Task data:
--------------------------------

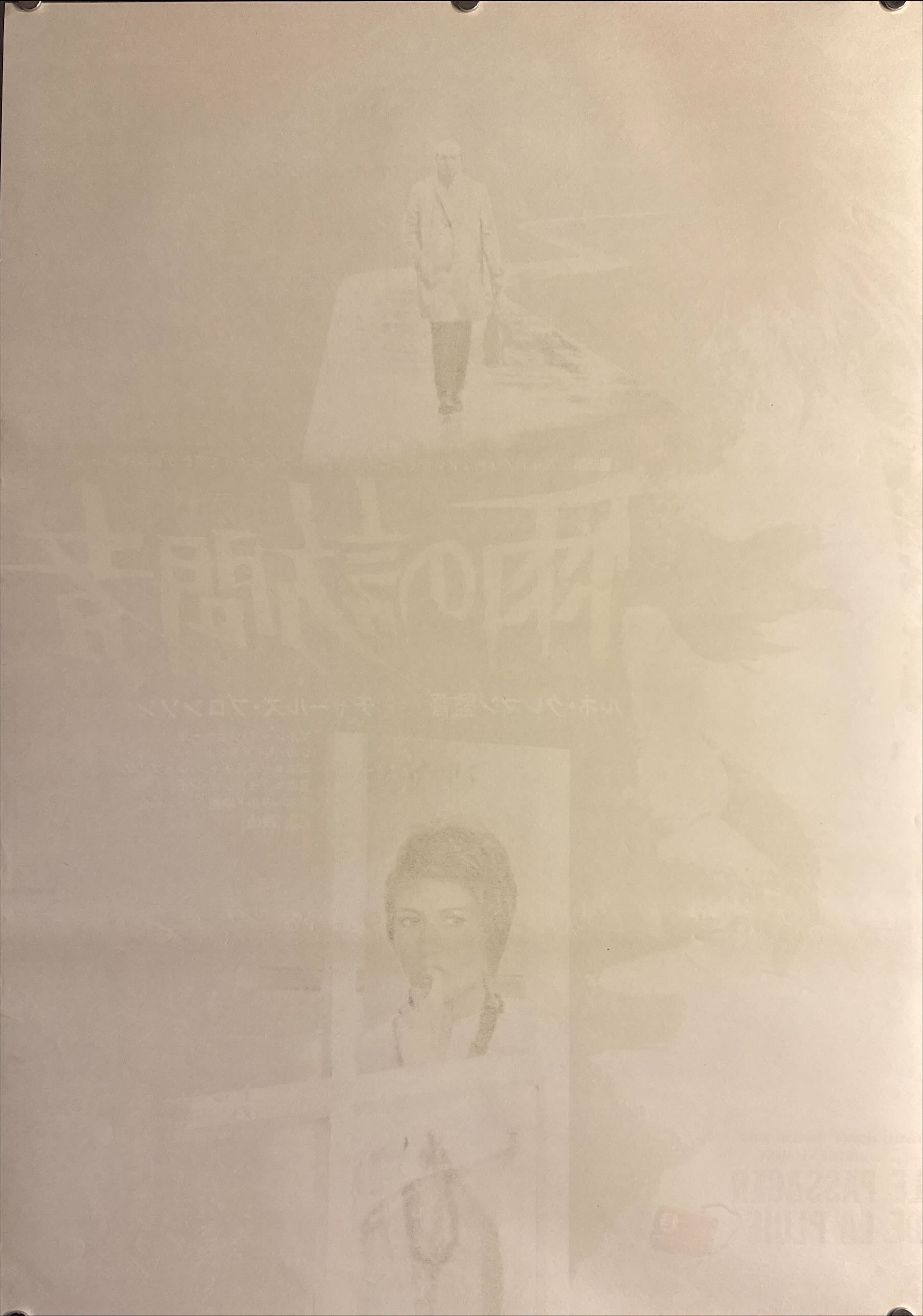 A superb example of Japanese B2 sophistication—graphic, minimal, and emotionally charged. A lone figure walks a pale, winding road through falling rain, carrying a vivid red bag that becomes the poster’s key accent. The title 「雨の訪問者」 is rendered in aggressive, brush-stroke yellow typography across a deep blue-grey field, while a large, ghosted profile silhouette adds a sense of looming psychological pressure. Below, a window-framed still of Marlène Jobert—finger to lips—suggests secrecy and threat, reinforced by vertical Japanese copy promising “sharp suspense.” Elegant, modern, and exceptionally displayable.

--------------------------------

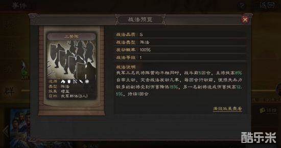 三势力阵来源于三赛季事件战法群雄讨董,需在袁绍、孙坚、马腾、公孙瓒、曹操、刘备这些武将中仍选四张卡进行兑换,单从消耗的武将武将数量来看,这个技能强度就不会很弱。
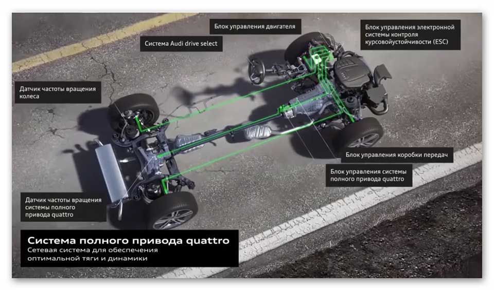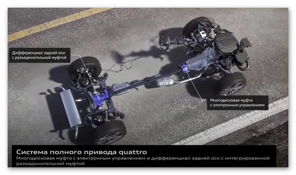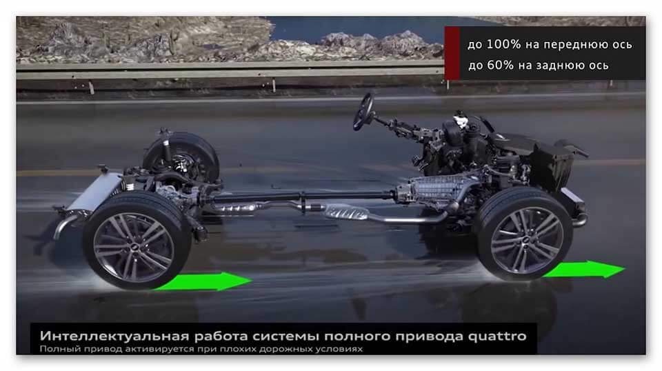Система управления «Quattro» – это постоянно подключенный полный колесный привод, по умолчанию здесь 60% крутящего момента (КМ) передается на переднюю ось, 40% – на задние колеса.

--------------------------------

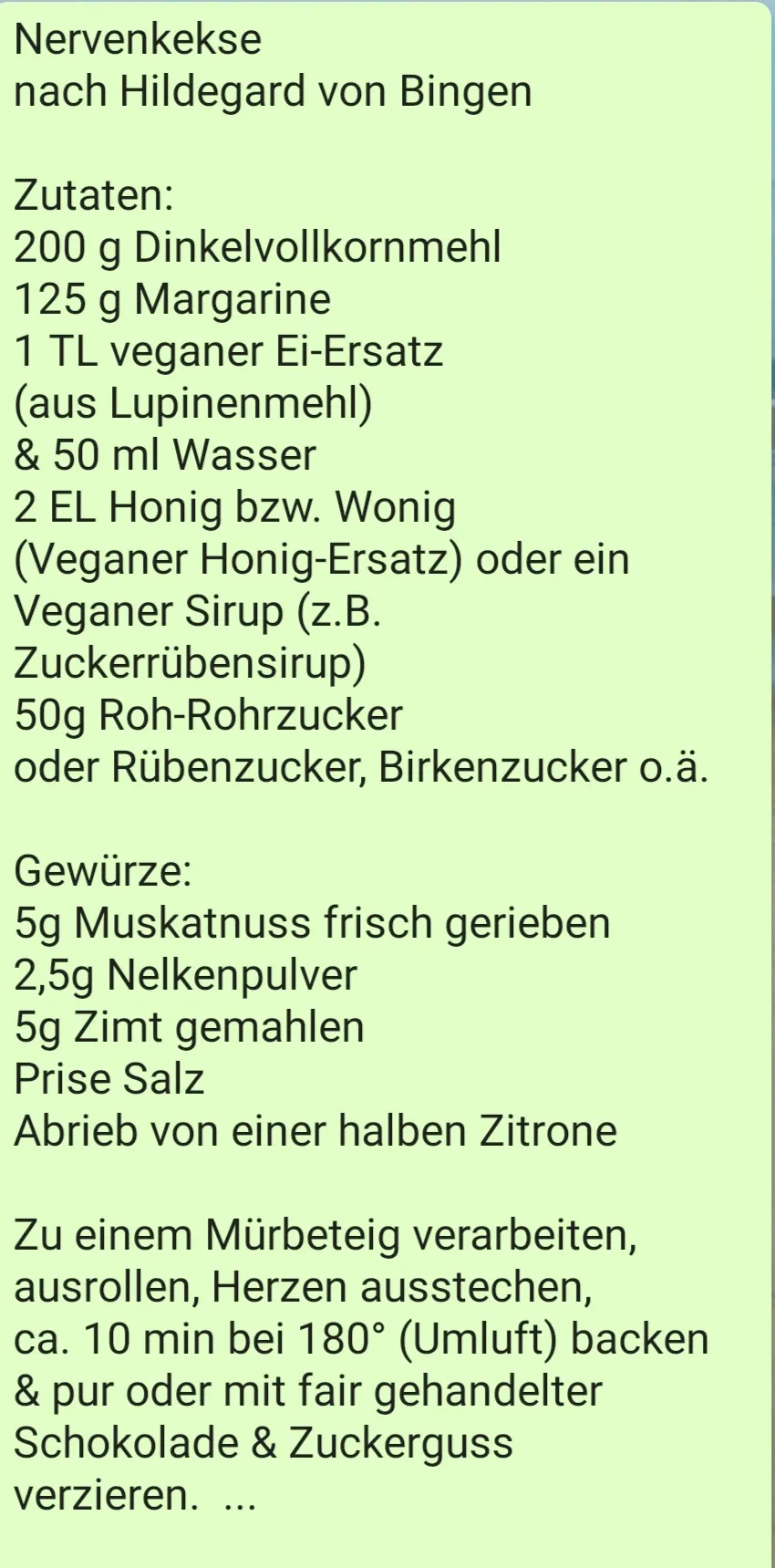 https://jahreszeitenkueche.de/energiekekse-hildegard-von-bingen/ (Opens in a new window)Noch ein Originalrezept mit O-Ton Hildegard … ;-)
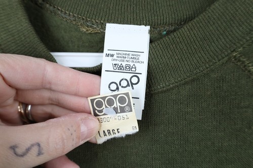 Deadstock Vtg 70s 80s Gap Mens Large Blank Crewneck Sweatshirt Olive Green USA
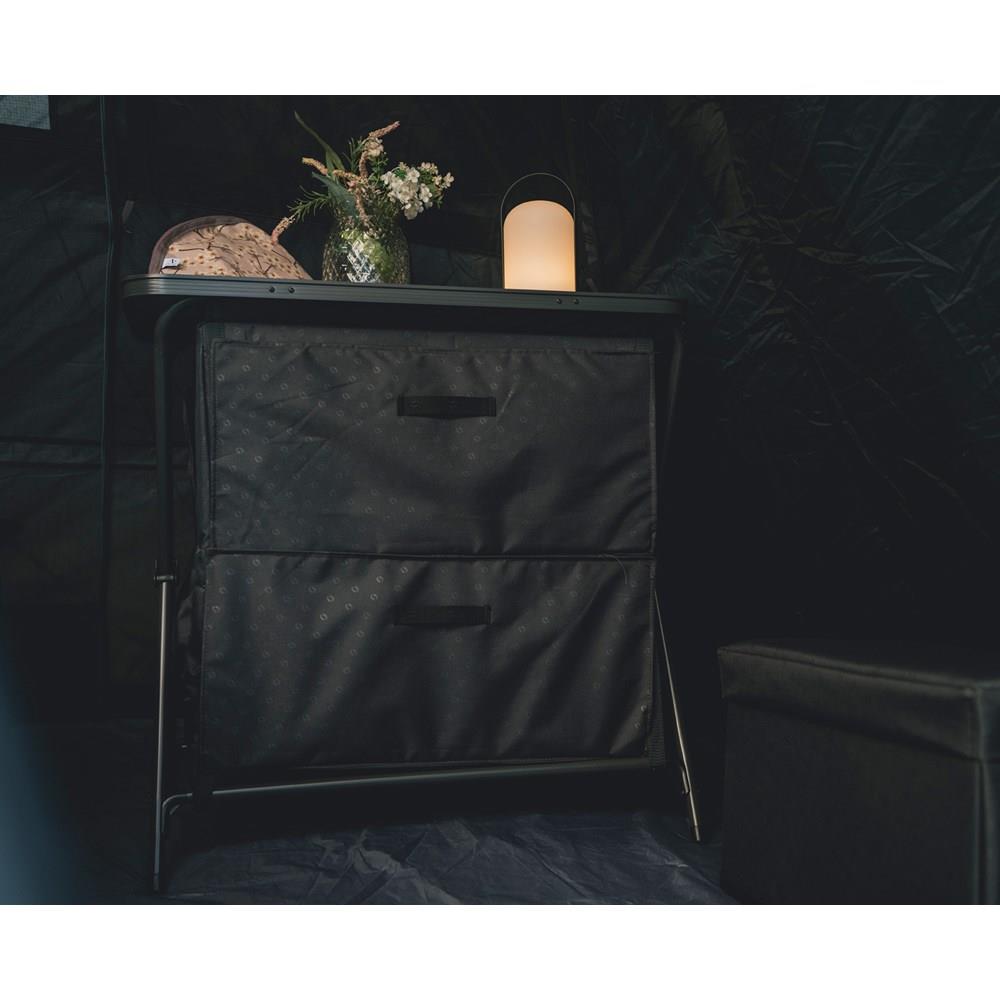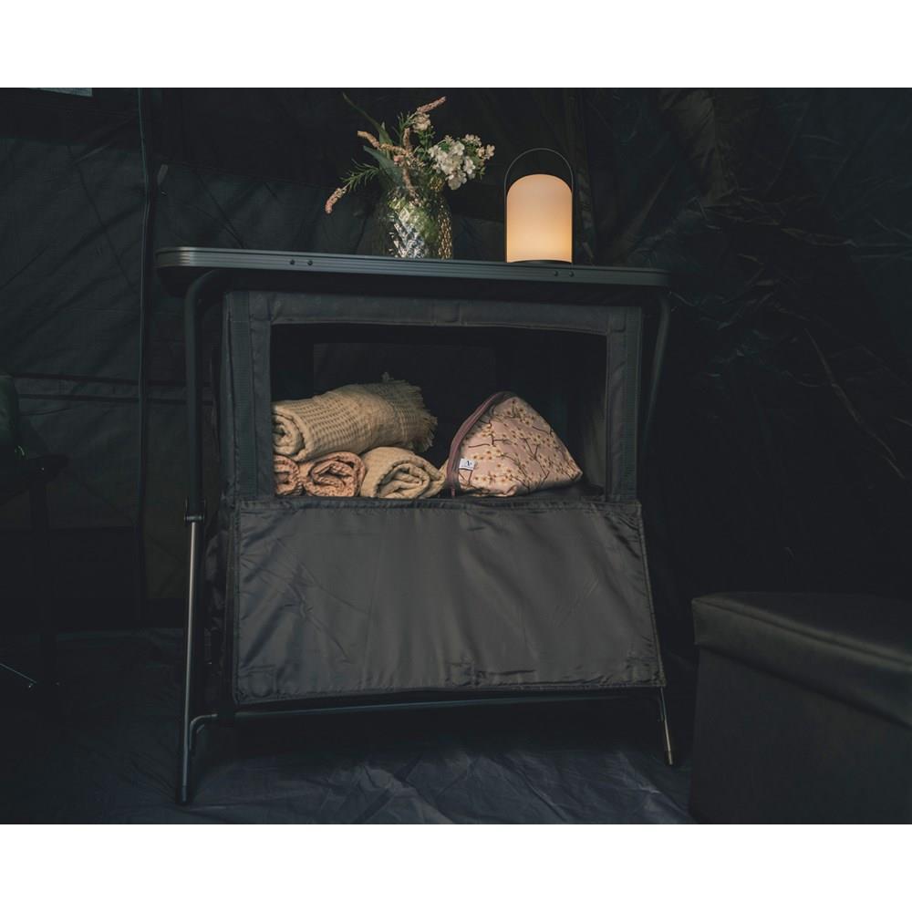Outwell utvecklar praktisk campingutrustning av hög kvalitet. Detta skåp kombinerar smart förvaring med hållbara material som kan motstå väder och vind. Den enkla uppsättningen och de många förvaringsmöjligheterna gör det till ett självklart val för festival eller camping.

--------------------------------

What is needed:
Working from the records above, set down word for word everything from the line containing "Hildegard … ;-)" down to the line containing "Outwell utvecklar praktisk", ends included, minus the pictures.

Task response:
 https://jahreszeitenkueche.de/energiekekse-hildegard-von-bingen/ (Opens in a new window)Noch ein Originalrezept mit O-Ton Hildegard … ;-)
 Deadstock Vtg 70s 80s Gap Mens Large Blank Crewneck Sweatshirt Olive Green USA
Outwell utvecklar praktisk campingutrustning av hög kvalitet. Detta skåp kombinerar smart förvaring med hållbara material som kan motstå väder och vind. Den enkla uppsättningen och de många förvaringsmöjligheterna gör det till ett självklart val för festival eller camping.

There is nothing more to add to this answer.